The commoner form is dehydrated HS (also known as hereditary xerocytosis) and includes kindreds showing pseudohyperkalaemia or perinatal oedema or both. The pseudohyperkalaemia in these cases is temperature dependent, and occurs due to a net loss of K+ from red cell when they are cooled to room temperature. There is a compensatory increase in Na+ and K+ pump rates. However, the rates of pump and cation leakage became disparate at around 20oC, so that the steady state intracellular K+ cannot be maintained at room temperature, producing net K+ loss and pseudohyperkalaemia. Interestingly our patient with overhydrated HS also showed pseudohyperkalaemia, indicating that this association may not be restricted to the dehydrated form of disease.
Splenectomy in dehydrated HS patients may be complicated in adult life by a tendency to develop venous thromboembolism, which may result in pulmonary hypertension and death. It has been shown in in vitro studies that a high percentage of HS erythrocytes adhere to endothelial monolayers. This thromboembolic risk mandates that the diagnosis of stomatocytosis be excluded before splenectomy is contemplated for suspected spherocytosis.
More recently, the gene responsible for both dehydrated HS and the related disorder, familial pseudohyperkalaemia, has been mapped to 16q23-qter.
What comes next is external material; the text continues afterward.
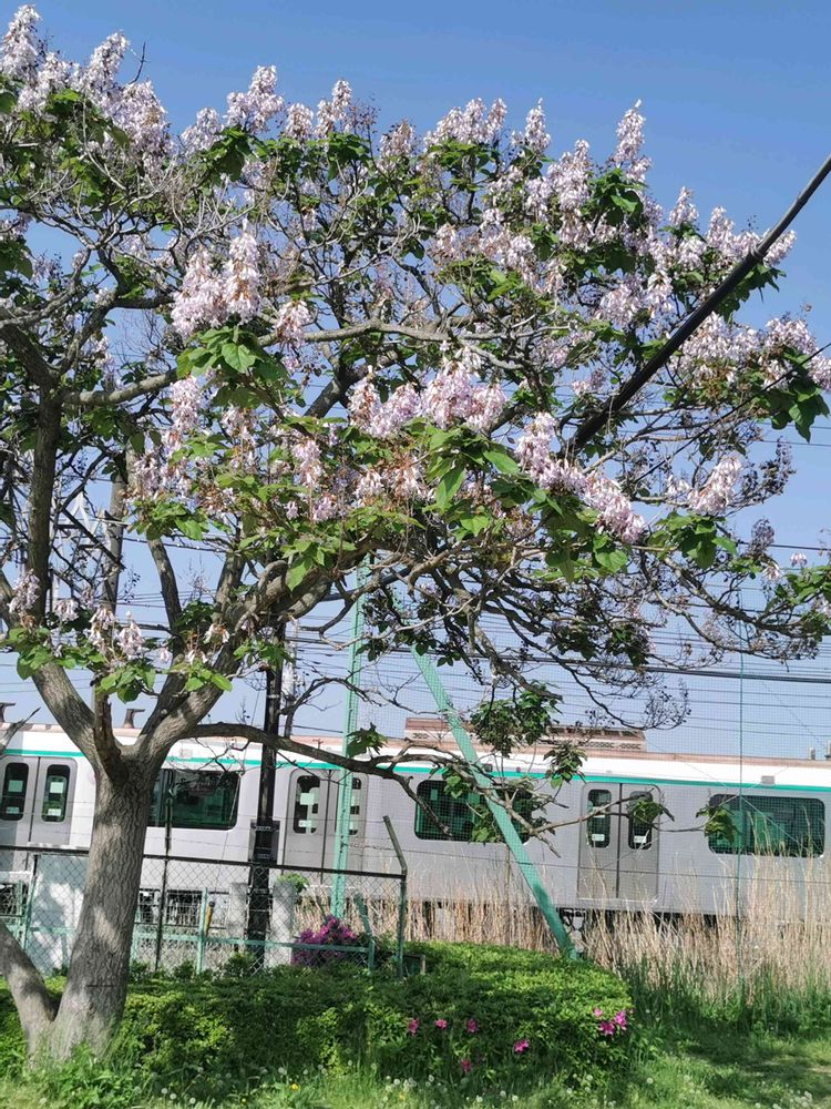 線路脇の公園で、時々、電車が通るので、電車🚃も一緒に撮ろうと思いました。
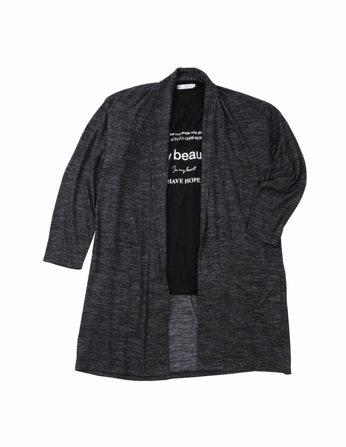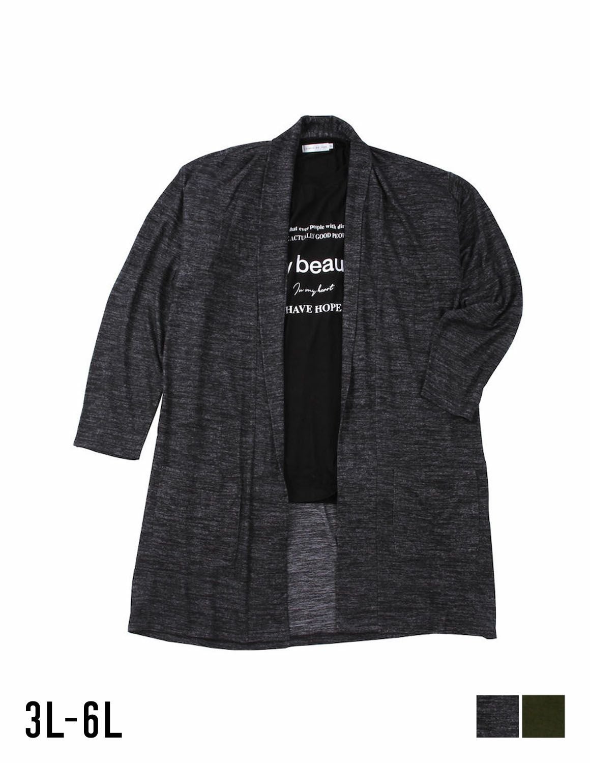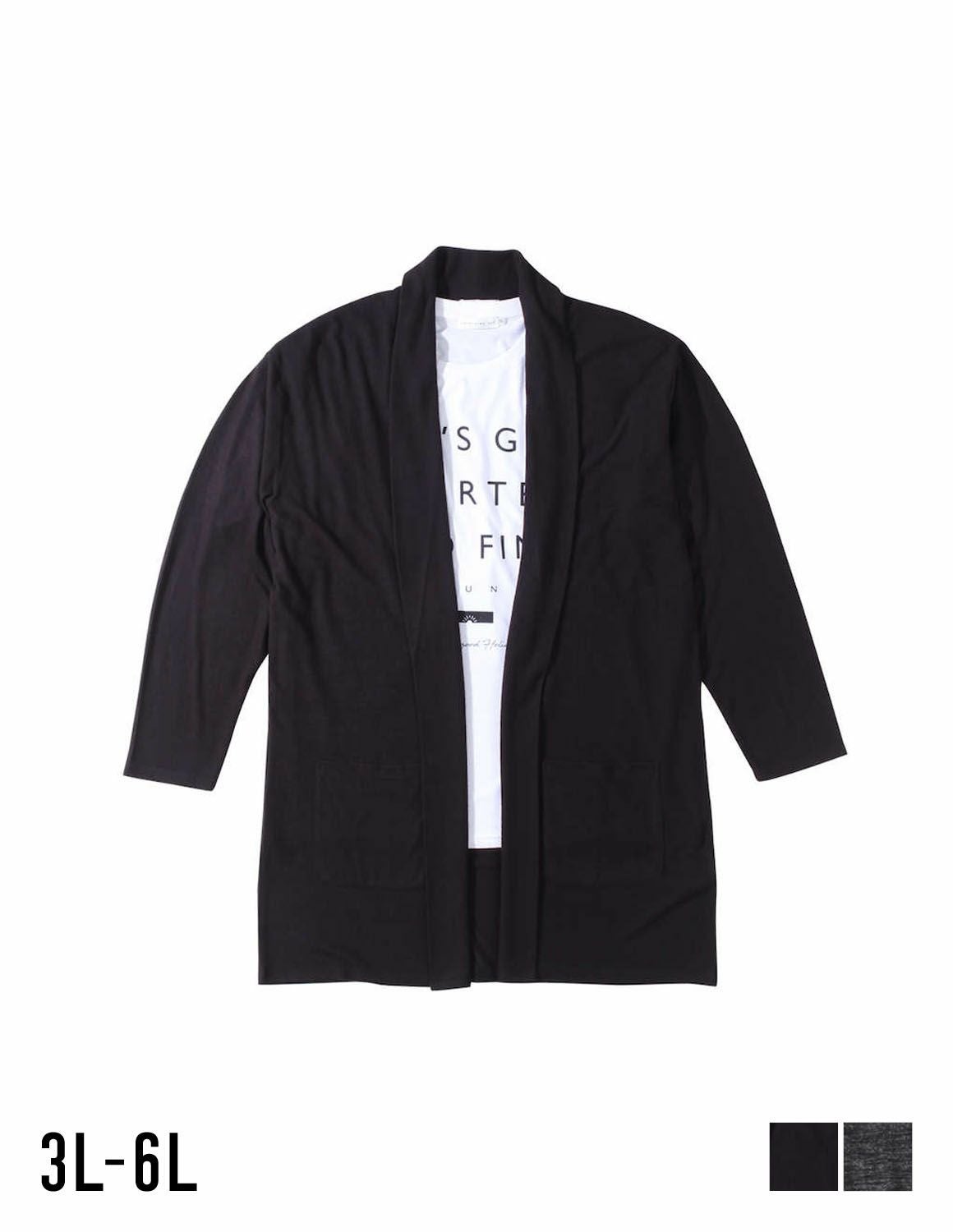 【大きいサイズ メンズ】launching pad(ランチングパッド) 表起毛天竺 ストレッチ 長袖コーディガン 半袖Tシャツ セット 3L/4L/5L/6L

The very high MCV and low MCHC in our patient is characteristic of overhydrated HS. Conversely in dehydrated HS, the MCHC should be increased. The pathophysiological basis for overhydrated HS remains elusive but is most probably related to stomatin deficiency in the erythrocyte membrane. The function of stomatin is currently unknown and it may act as an anchor for cytoskeletal proteins.